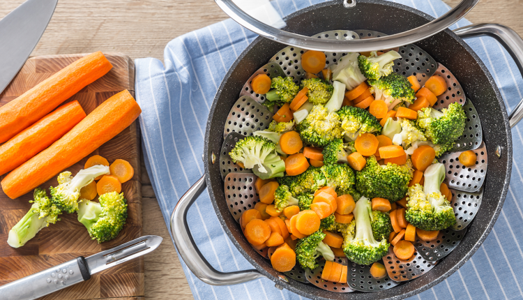 This Steamer Basket Stainless Steel Vegetable Steamer offers another simple steaming solution. The foldable steamer basket can steam veggies, seafood, eggs, meats, desserts, baby food and much more. Just insert it into your pot with water and go!
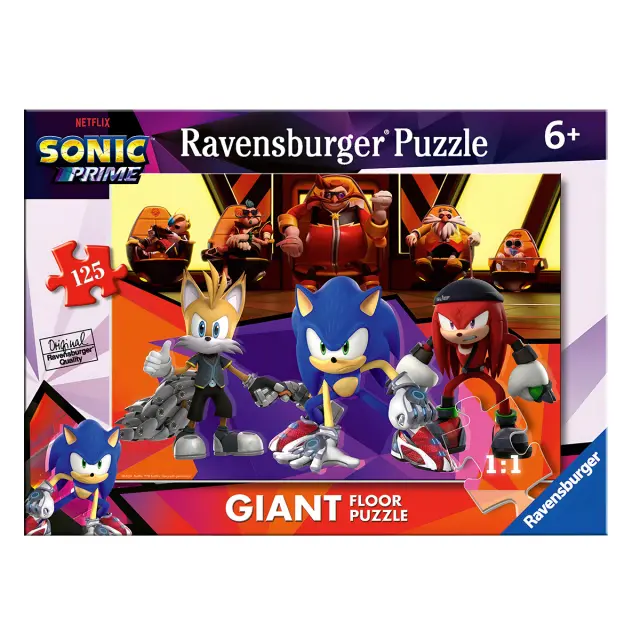 Ta velikanska talna sestavljanka iz 125 delov vas popelje v epski svet Sonic Prime.. Na njem je Sonic s svojimi zavezniki in tekmeci v prizorih, ki so neposredno povzeti iz animirane serije.. Sestavljanje je enostavno in zabavno, deli pa so zasnovani tako, da so odporni na dolgotrajno rokovanje.. Uganke pomagajo izboljšati koncentracijo in ustvarjalnost ter izboljšujejo koordinacijo rok in oči..
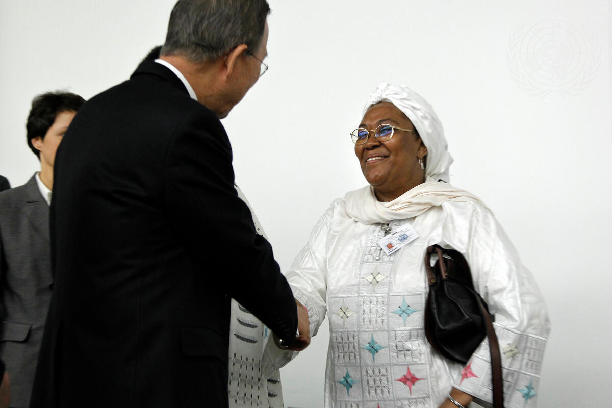 Secretary-General Ban Ki-moon (left) greets Maikibi Kadadiatou Dandobi, Niger's Minister of Population, Women's Promotion and Child Protection, at the annual high-level conference on the Central Emergency Response Fund (CERF).

=-=-=-=-=

◆ **Description of the task**: Restate the data above verbatim, skipping every image.

◆ **Result of the task**:
 This Steamer Basket Stainless Steel Vegetable Steamer offers another simple steaming solution. The foldable steamer basket can steam veggies, seafood, eggs, meats, desserts, baby food and much more. Just insert it into your pot with water and go!
 Ta velikanska talna sestavljanka iz 125 delov vas popelje v epski svet Sonic Prime.. Na njem je Sonic s svojimi zavezniki in tekmeci v prizorih, ki so neposredno povzeti iz animirane serije.. Sestavljanje je enostavno in zabavno, deli pa so zasnovani tako, da so odporni na dolgotrajno rokovanje.. Uganke pomagajo izboljšati koncentracijo in ustvarjalnost ter izboljšujejo koordinacijo rok in oči..
 Secretary-General Ban Ki-moon (left) greets Maikibi Kadadiatou Dandobi, Niger's Minister of Population, Women's Promotion and Child Protection, at the annual high-level conference on the Central Emergency Response Fund (CERF).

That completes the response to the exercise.